Microsoft: Online shift is more than even Exchange

The software maker is looking to keep its lead in the e-mail space even as more companies opt for services over running their own servers.

The fact that many customers are shifting from running their own e-mail servers to getting mail as a hosted service doesn't have to spell doom for Microsoft, insists Rajesh Jha, the man who heads the Exchange business.

In an interview on Monday, Jha said that, although many see the rise of services as more of a benefit to companies like Google, he sees it as an opportunity for his business.

Microsoft's Rajesh Jha, shown here in his office earlier this year, says the shift from a world of servers to a world of services need not spell trouble for the Exchange business. Ina Fried/CNET

"I feel we will grow our share overall with the move to services," Jha said. In particular, Jha said that Microsoft has a better option for small and midsize businesses than it did when its only option was for those companies to run their own Exchange servers. "I think we have a huge opportunity for growth. I don't think we are in a defensive position at all."

In a year in which many software businesses--including a number within Microsoft--took a hit, the Exchange business continued to grow last year, Jha said, saying that revenue for the product nearly hit $2 billion and has 70 percent market share among corporate users.

Jha acknowledged, though, that competition for the in-box is definitely heating up.

"It is where people spend more of their hours," Jha said. "It's become a real critical part of the day. Our competitors are smart. They see it too."

In addition to Google, IBM continues to push its Lotus Domino/Notes combination while Cisco has said it will have a Linux-based e-mail offering based on last year's Postpath acquisition .

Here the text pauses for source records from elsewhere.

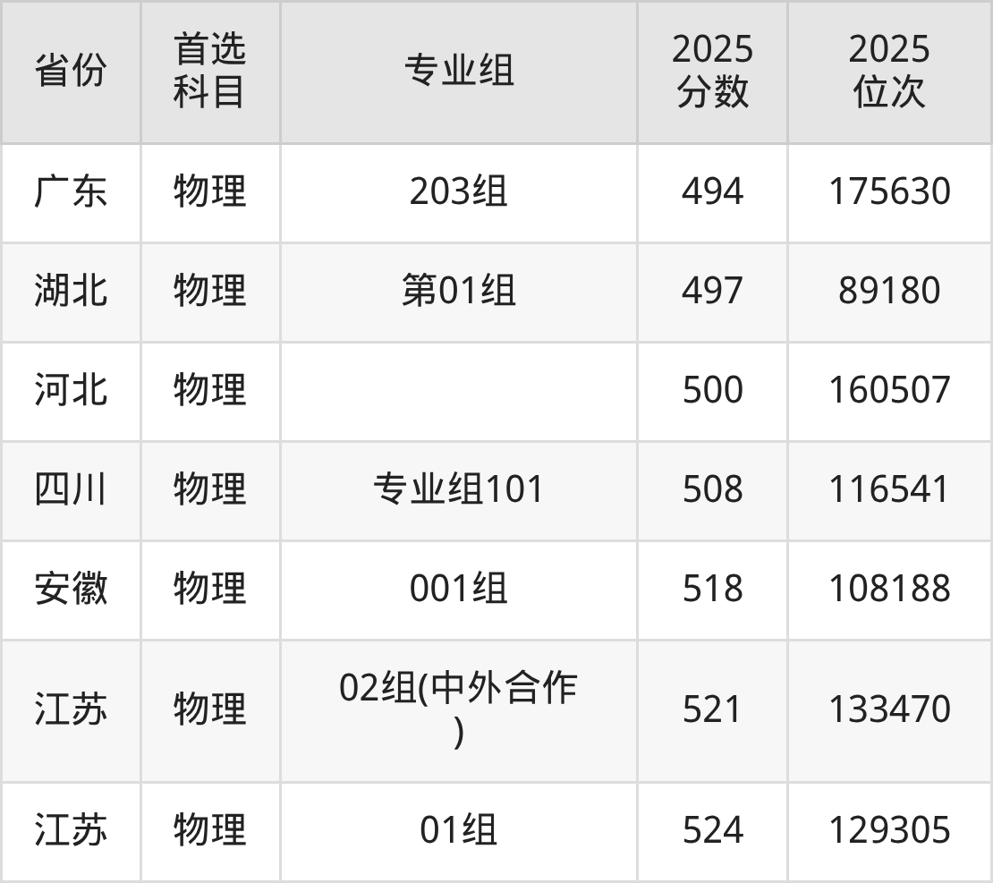 物理类最低分对应地区为广西(101组),录取位次为121395,超本科线53分;最高分对应地区为江苏(01组),录取位次为129305,超本科线61分。
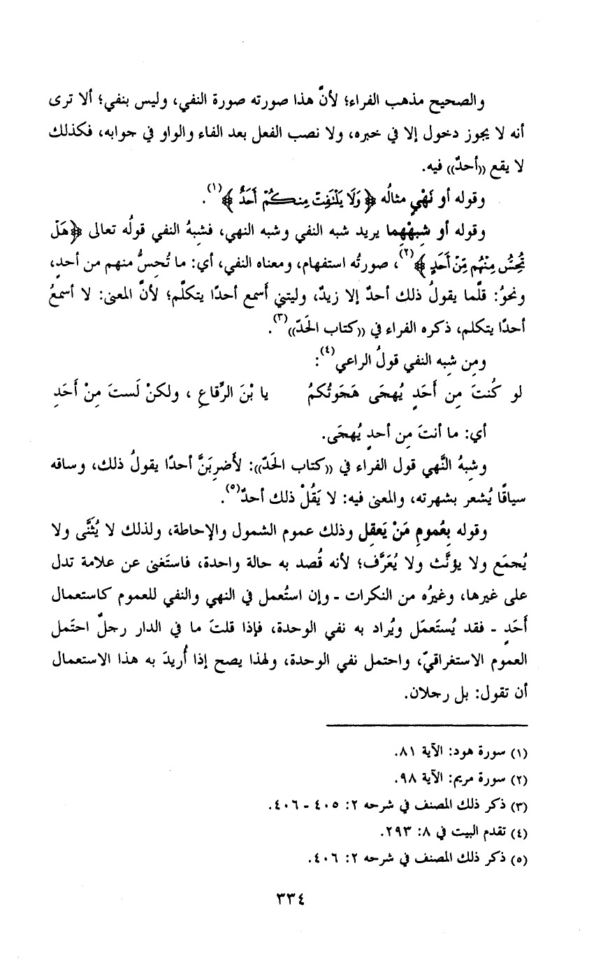 دخول إلا في خبره ,ولانصب الفعل بعد الفاء والواو في جوابه ,فكذلك لا يقع «احد» فيه.
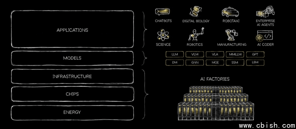 芯片(Chips):在能源层之上,任务是高效地将电力转化为算力。这不只是GPU的竞争,更是高带宽内存(HBM)与高速互连技术的总和,决定了“智能成本”能降多少。
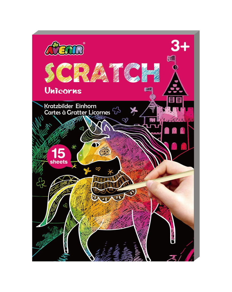 Mini książeczka z wydrapywankami to ciekawa propozycja dla kreatywnych dzieci. Prosta technika wydrapywania pozwala na stworzenie przepięknych oryginalnych obrazków przy niewielkim nakładzie pracy. Poręczny format książeczki doskonale sprawdza się, gdy dzieci są w ruchu. Zestaw zawiera: 10 kolorowanek z jednorożcami, 5 ""pustych"" czarnych stron na dowolne rysunki, rysik. Zapewnia mnóstwo zabawy dla dzieci. Wiek: 3+.
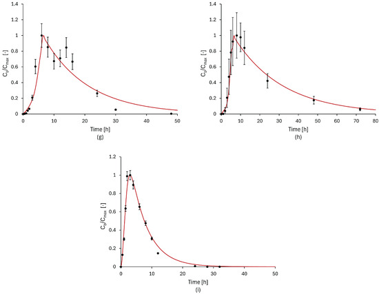 Comparison between model simulation results (red line) and experimental data (black dots) for nine different drugs: (a) Aprepitant (80 mg) [56], (b) Griseofulvin (125 mg) [57], (c) Etoricoxib [64], (d) Ketoprofen [63], (e) Linezolid [58], (f) Danazol [59], (g) Ibuprofen [61], (h) Fenofibrate [60], and (i) Ketokenazole (600 mg) [62]. Both the model and experimental concentrations were normalized with respect to their highest values.
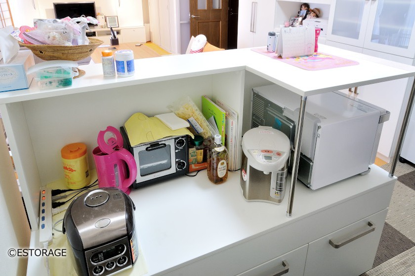 キッチン側からは、家電が使え、配膳用のカウンターにもなります。

Sounding a familiar refrain, Jha said that he expects customers to warm to Microsoft's strategy, which lets them have the option of running Exchange themselves or purchasing it as a subscription hosted service.

"With Exchange, we don't give them any kind of technology ultimatum," Jha said. "We don't say 'Thou shalt move to the cloud.' "

Microsoft has shifted its priorities, though. Unlike past versions of Exchange, Microsoft developed Exchange 2010 as a service first , and only later has it done the work on the server product. That server product, which has been in testing for some time and reached the beta stage in April, is now ready in a near-final "release candidate" form.

Among its features is one that lets users "mute" an e-mail thread that they are no longer interested in being part of.

Jha reiterated that the final version of Exchange 2010 should be done later this year.

"I feel pretty good about how we are tracking," he said, noting that half of Microsoft's in-boxes--some 80,000--are now on the new version of Exchange. " We'll definitely be ready this year."